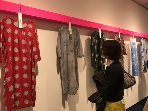 渡邉良重さんツアーのすゝめ 今日はGWの真ん中の日ですね。 働いている方も、おやすみのかたも、こんにちは! 明日2日(火)午前11時より、キギの渡邉良重さんとほぼ日がつくる洋服 「CACUMA」の春夏コレクション第2弾の販売が開始します! 定番人気のワンピースをはじめ、これからの季節にぴったりな2つのアイテムが仲間入りです。 「CACUMA」のお洋服は、白金にあるKIGIさんのお店 「OUR FAVORITE SHOP」 でもお買い求めいただけますよ。 (第2弾のアイテムは 3日からお店で販売予定です。) そして現在、 「OUR FAVORITE SHOP」では、渡邉良重さんの原画展が開催されています! 良重さんの繊細でかわいらしいイラストを生でじーっくり見ることができる、うれしい展示となっております。 さらに!銀座にありますクリエイションギャラリー8では、第19回亀倉雄策賞受賞記念渡邉良重展「絵をつくること」 が開催されています。 (写真3、4枚目) 亀倉雄策賞を受賞した、いちごとチョコレートのお菓子屋さん 「AUDREY」のパッケージをはじめ、良重さんの手がけた作品が勢揃いの本当にすてきな空間となっています。 「CACUMA」のお洋服や、ほぼ日手帳カバーも展示されていて、とってもうれしいです! お立ち寄りの際には、ぜひ探してみてくださいね。 このゴールデンウィークに、渡邉良重さんツアーで都内を巡るのはいかがでしょうか。 おすすめですー! 2017/05/01 12:08 |
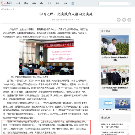 肉漫屋 党委为推进新时代学生党建,落实“七个有力”实践探索,于2019年成立“计科先锋”,团队成员主要从本硕博各年级学生党员干部中选拔,综合素质较高。自2019年起,为深入贯彻习近平新时代中国特色社会主义思想,“计科先锋”团队连续三年进行暑期社会实践活动,其成果先后被光明日报、中国青年网、湖北高校思政网等媒体报道。
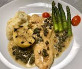 Sautéed chicken with mushrooms, roasted peppers and asparagus cooked in a creamy limoncello sauce.
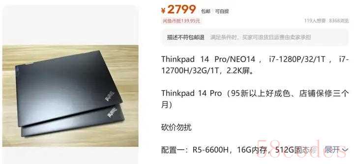 二手 ThinkPad Neo 14,特别是搭载酷睿处理器的版本,通常具备以下优势:
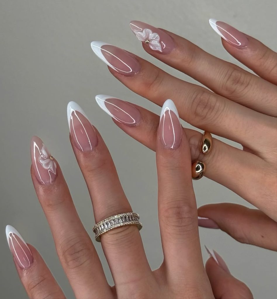 This manicure works wonderfully for long almond nails, especially if you love refined designs with a single artistic detail. The floral accent keeps the look fresh while preserving a clean overall finish. It’s a lovely inspo choice for special occasions or whenever you want your nails to feel thoughtful and feminine.
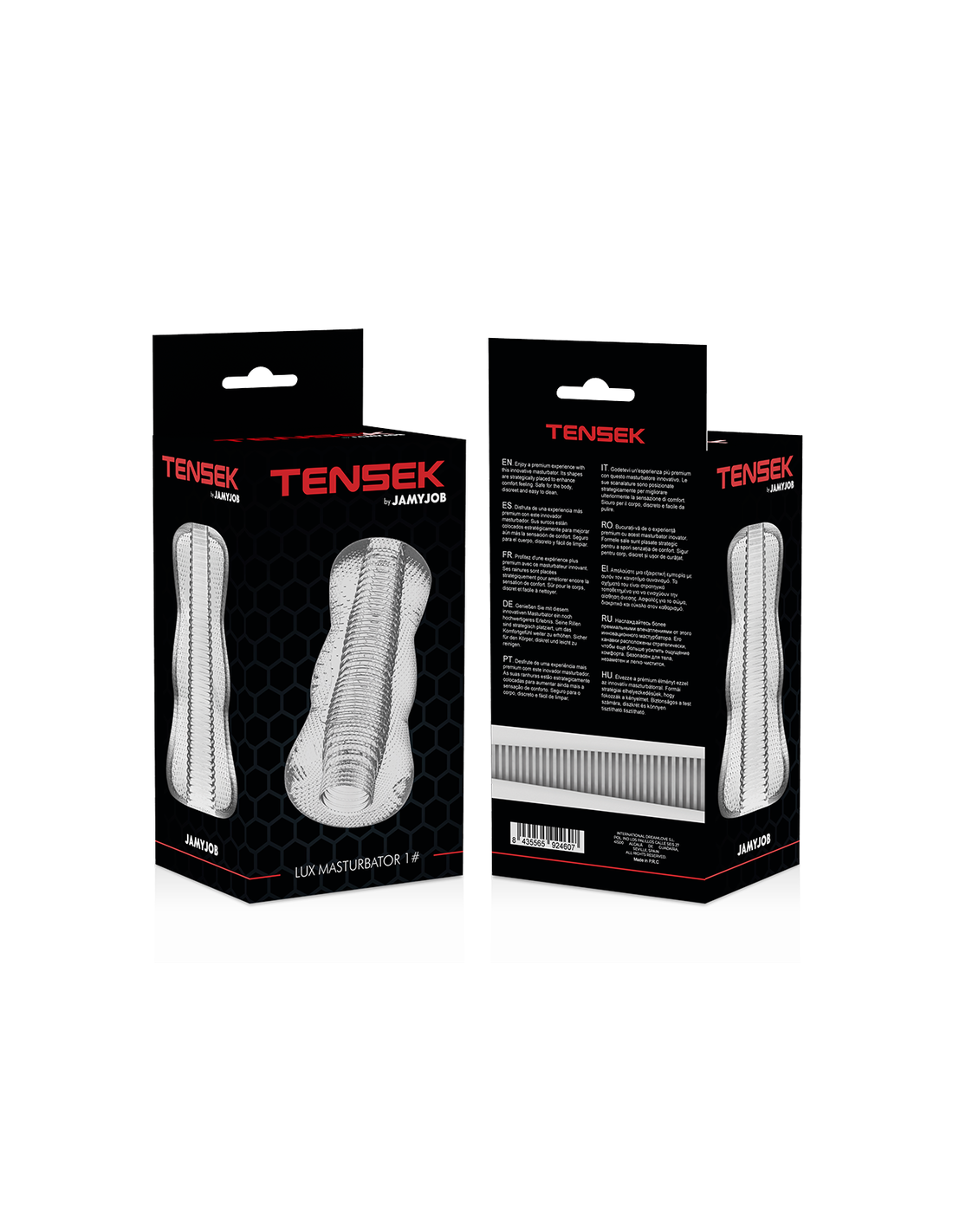 Enjoy a completely new experience. The innovative TENSEK model joins the JAMYJOB line of masturbators and features a unique completely transparent design that leaves nothing to the imagination.

Task instructions: Only the lines from the one with "二手 ThinkPad Neo" through the final line of the entries belong in the answer, set down exactly, with both ends included and no pictures.

Answer for the task:
 二手 ThinkPad Neo 14,特别是搭载酷睿处理器的版本,通常具备以下优势:
 This manicure works wonderfully for long almond nails, especially if you love refined designs with a single artistic detail. The floral accent keeps the look fresh while preserving a clean overall finish. It’s a lovely inspo choice for special occasions or whenever you want your nails to feel thoughtful and feminine.
 Enjoy a completely new experience. The innovative TENSEK model joins the JAMYJOB line of masturbators and features a unique completely transparent design that leaves nothing to the imagination.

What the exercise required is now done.